[[ Data extract, beginning ]]
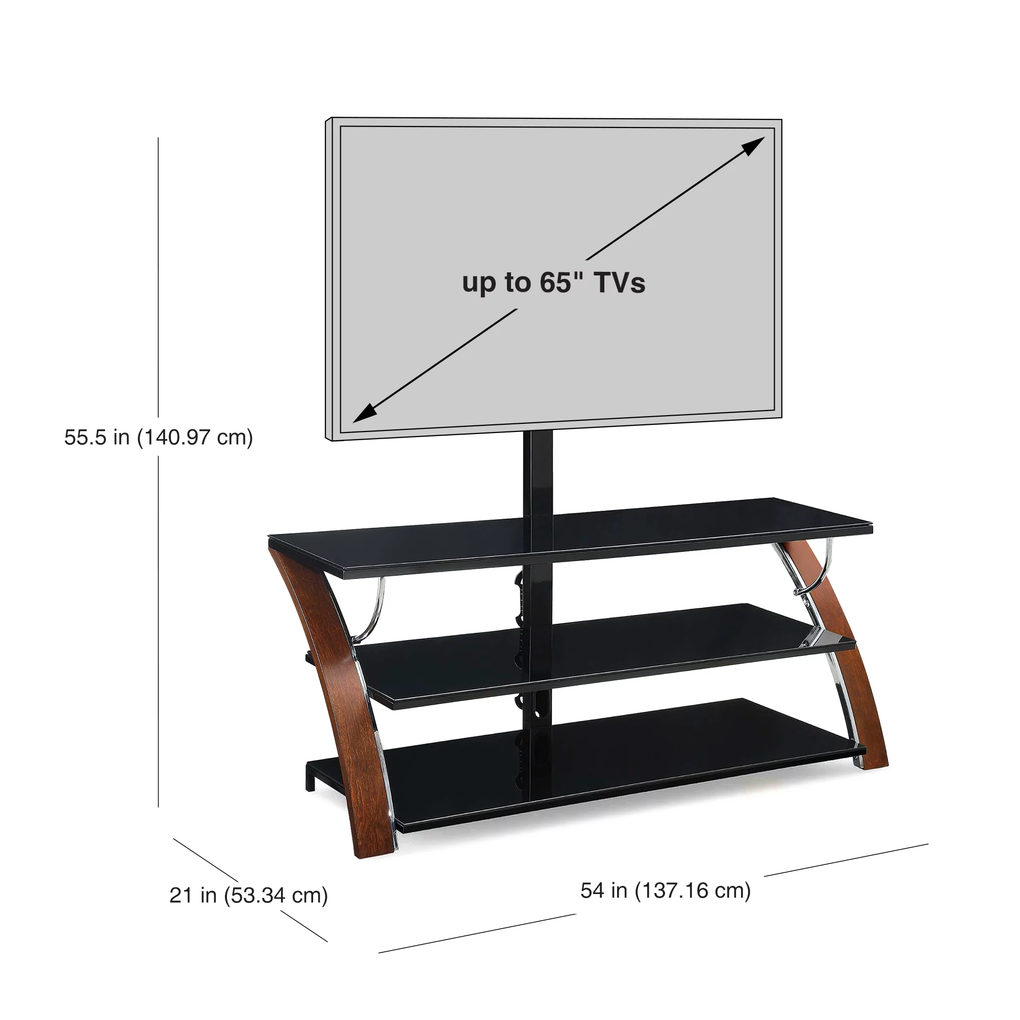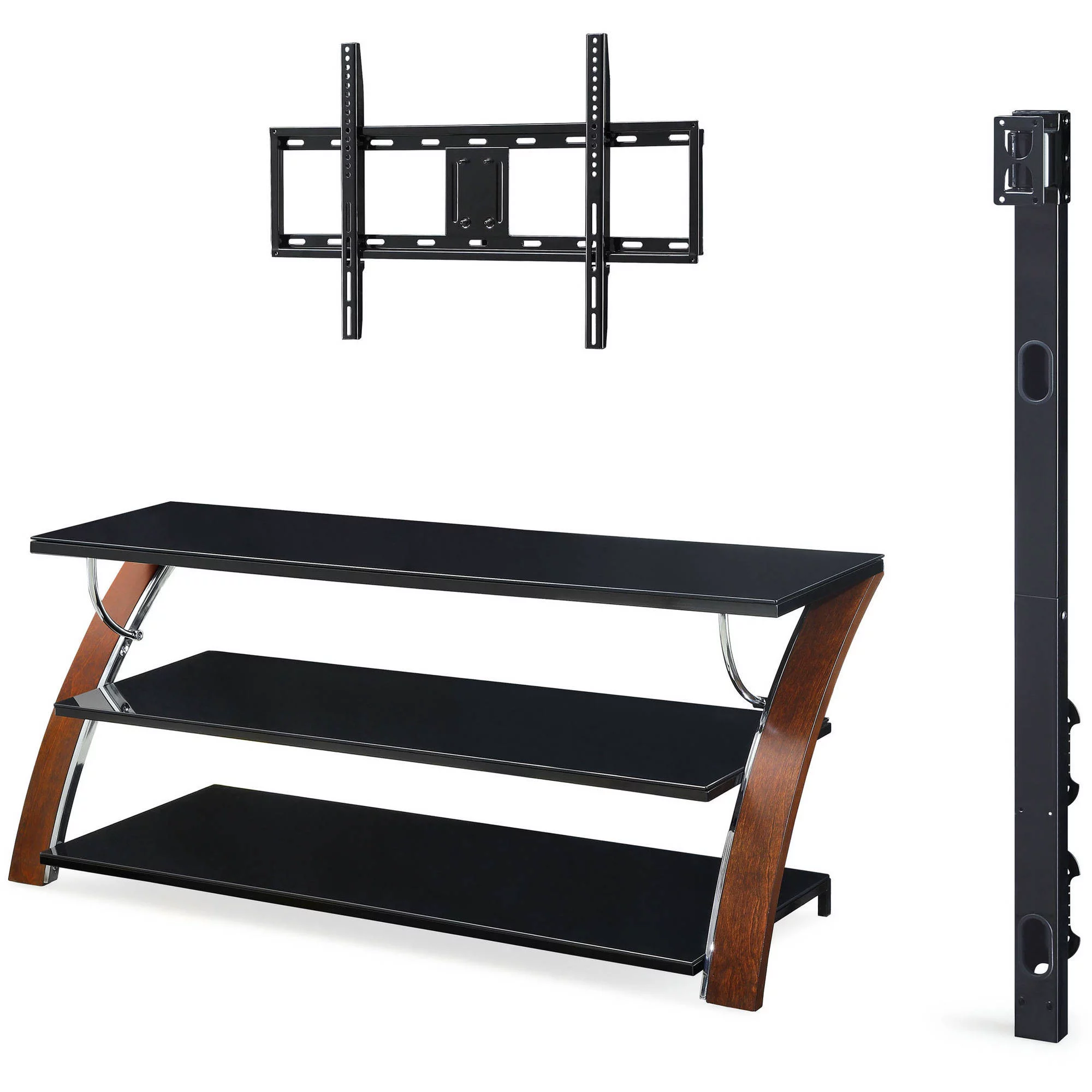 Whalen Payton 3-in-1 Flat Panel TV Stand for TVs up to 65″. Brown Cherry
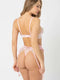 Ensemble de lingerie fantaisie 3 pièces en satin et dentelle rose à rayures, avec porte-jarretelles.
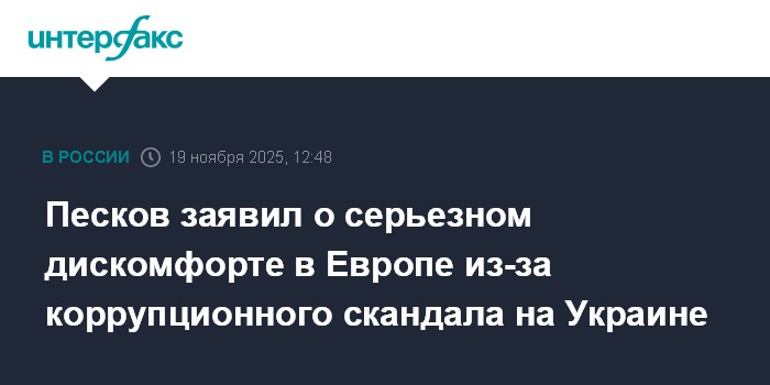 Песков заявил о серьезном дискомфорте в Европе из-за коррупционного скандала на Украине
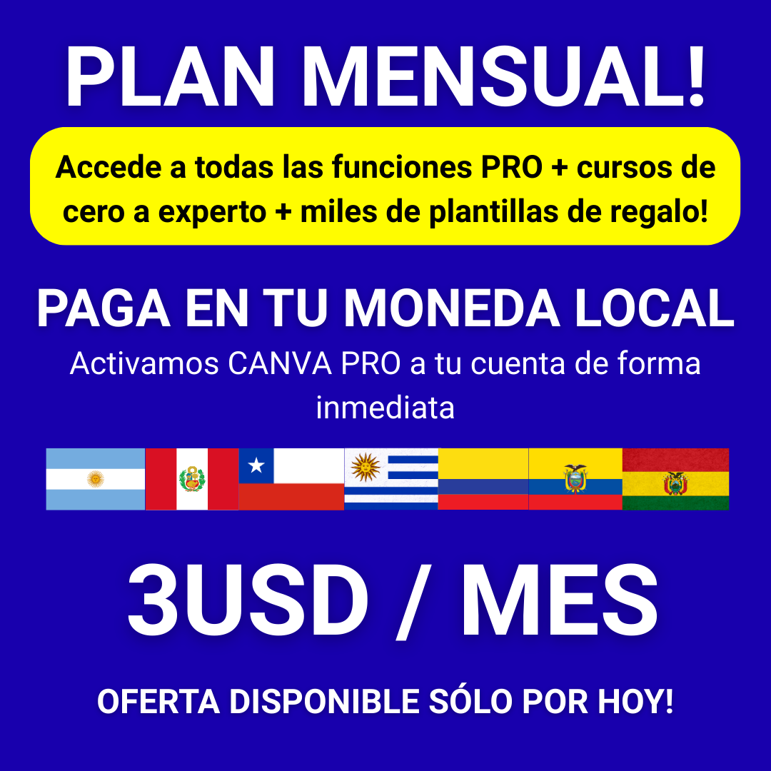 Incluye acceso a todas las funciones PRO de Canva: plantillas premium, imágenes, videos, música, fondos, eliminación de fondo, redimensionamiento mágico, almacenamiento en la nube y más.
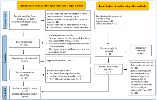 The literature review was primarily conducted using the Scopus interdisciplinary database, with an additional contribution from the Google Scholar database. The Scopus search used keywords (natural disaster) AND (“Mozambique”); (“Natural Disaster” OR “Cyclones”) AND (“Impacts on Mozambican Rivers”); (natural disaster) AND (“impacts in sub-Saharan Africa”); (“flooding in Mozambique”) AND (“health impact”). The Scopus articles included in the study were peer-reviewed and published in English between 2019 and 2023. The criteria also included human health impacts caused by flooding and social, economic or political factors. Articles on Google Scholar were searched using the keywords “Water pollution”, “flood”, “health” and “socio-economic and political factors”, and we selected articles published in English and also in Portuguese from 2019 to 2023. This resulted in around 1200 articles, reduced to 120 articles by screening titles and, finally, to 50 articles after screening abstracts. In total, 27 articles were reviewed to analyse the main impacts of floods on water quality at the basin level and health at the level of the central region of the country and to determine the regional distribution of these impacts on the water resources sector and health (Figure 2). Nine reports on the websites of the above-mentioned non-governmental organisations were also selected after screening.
[[ Data extract, end ]]
▶ [Problem to solve] Begin at the first line of the data above and repeat each line exactly, stopping after the line containing "Песков заявил о". Omit the pictures.

▶ [Response]
 Whalen Payton 3-in-1 Flat Panel TV Stand for TVs up to 65″. Brown Cherry
 Ensemble de lingerie fantaisie 3 pièces en satin et dentelle rose à rayures, avec porte-jarretelles.
 Песков заявил о серьезном дискомфорте в Европе из-за коррупционного скандала на Украине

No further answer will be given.